A faithful copy of the data is the goal; set it down exactly, without the images.

Recorded information →
'''

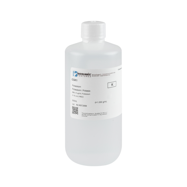 PotassiumLocation:  Group 1, Period 4  Storage & Handling: Keep tightly sealed when not in use. Store and use at 20 ± 4°C. Do not pipet from container. Do not return portions removed for pipetting to container. Chemical Compatibility: Soluble in HCl, HNO3, H2SO4, and HF aqueous matrices. Avoid use of HClO4 due to insolubility of the perchlorate. Stable with all metals and inorganic anions except ClO4-. Stability: 2-100 ppb levels stable for months in 1% HNO3 / LDPE container. 1-10,000 ppm solutions chemically stable for years in 1-5% HNO3 / LDPE container. K Containing Samples (Preparation & Solution): Metal (dissolves very rapidly in water); Ores (sodium carbonate fusion in Pt0 followed by HCl dissolution - blank levels of K in sodium carbonate critical); Organic Matrices (Sulphuric / peroxide digestion).  |
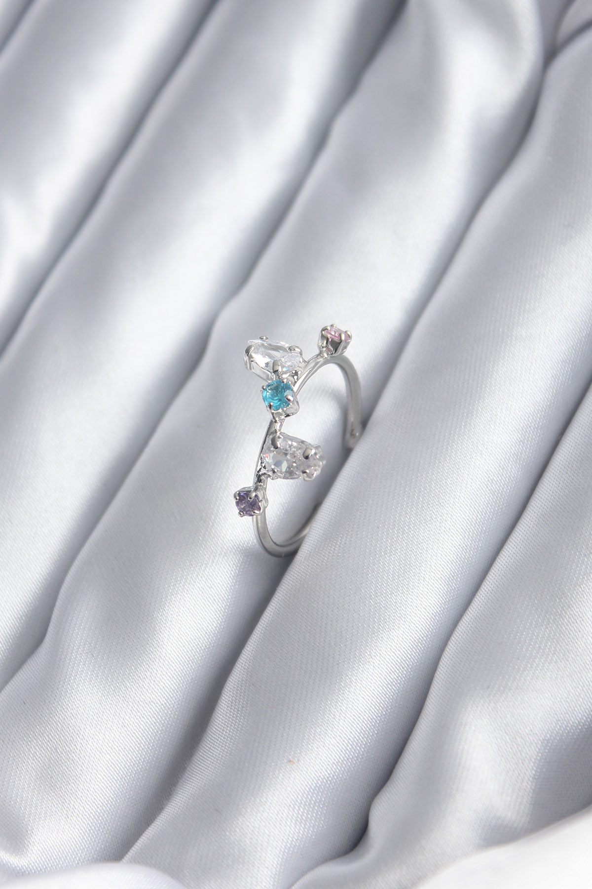 Gümüş Renk Renkli Zirkon Taşlı Kadın Yüzük BYK2843
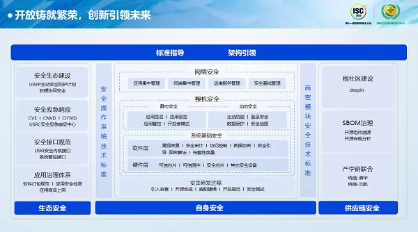 围绕自身安全、生态安全、供应链安全等三大维度,张磊介绍了统信UOS安全链条端到端的“组合拳”:
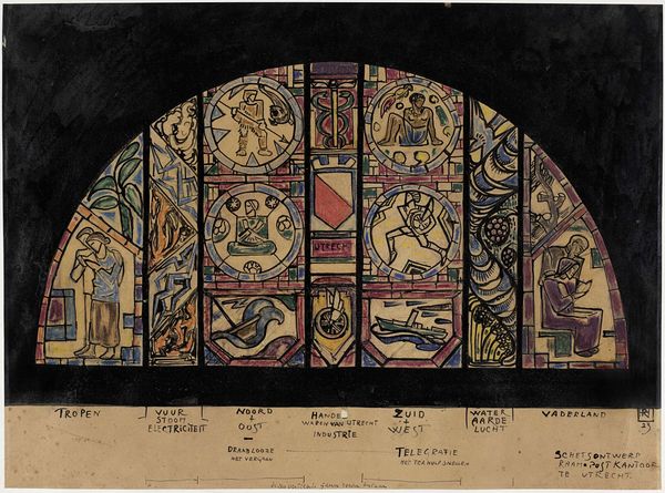 Wilhelm Süs created this design for a stained-glass window called, The Sun. Süs lived during a time of great social and political upheaval, and like other artists of his generation, he engaged with Symbolism. The allegorical figures here reflect that influence. The figures arranged in a semicircle above a central sun could represent different stages of life. However, while using the artistic language of symbolism, he also appears to challenge traditional representations. The nude figures, the family fleeing a dark abyss, and the laborers all point to a deep concern with the human condition. The smiling sun, surrounded by frolicking cherubs, suggests that even in the face of hardship, life holds promise. While the figures recall classical art, their placement and interactions offer a more humanist vision. Süs explores themes of hope and renewal through the universal symbol of the sun. The artwork thus reflects both the anxieties and aspirations of a society undergoing profound change.

'''

Answer section →
 PotassiumLocation:  Group 1, Period 4  Storage & Handling: Keep tightly sealed when not in use. Store and use at 20 ± 4°C. Do not pipet from container. Do not return portions removed for pipetting to container. Chemical Compatibility: Soluble in HCl, HNO3, H2SO4, and HF aqueous matrices. Avoid use of HClO4 due to insolubility of the perchlorate. Stable with all metals and inorganic anions except ClO4-. Stability: 2-100 ppb levels stable for months in 1% HNO3 / LDPE container. 1-10,000 ppm solutions chemically stable for years in 1-5% HNO3 / LDPE container. K Containing Samples (Preparation & Solution): Metal (dissolves very rapidly in water); Ores (sodium carbonate fusion in Pt0 followed by HCl dissolution - blank levels of K in sodium carbonate critical); Organic Matrices (Sulphuric / peroxide digestion).  |
 Gümüş Renk Renkli Zirkon Taşlı Kadın Yüzük BYK2843
 围绕自身安全、生态安全、供应链安全等三大维度,张磊介绍了统信UOS安全链条端到端的“组合拳”:
 Wilhelm Süs created this design for a stained-glass window called, The Sun. Süs lived during a time of great social and political upheaval, and like other artists of his generation, he engaged with Symbolism. The allegorical figures here reflect that influence. The figures arranged in a semicircle above a central sun could represent different stages of life. However, while using the artistic language of symbolism, he also appears to challenge traditional representations. The nude figures, the family fleeing a dark abyss, and the laborers all point to a deep concern with the human condition. The smiling sun, surrounded by frolicking cherubs, suggests that even in the face of hardship, life holds promise. While the figures recall classical art, their placement and interactions offer a more humanist vision. Süs explores themes of hope and renewal through the universal symbol of the sun. The artwork thus reflects both the anxieties and aspirations of a society undergoing profound change.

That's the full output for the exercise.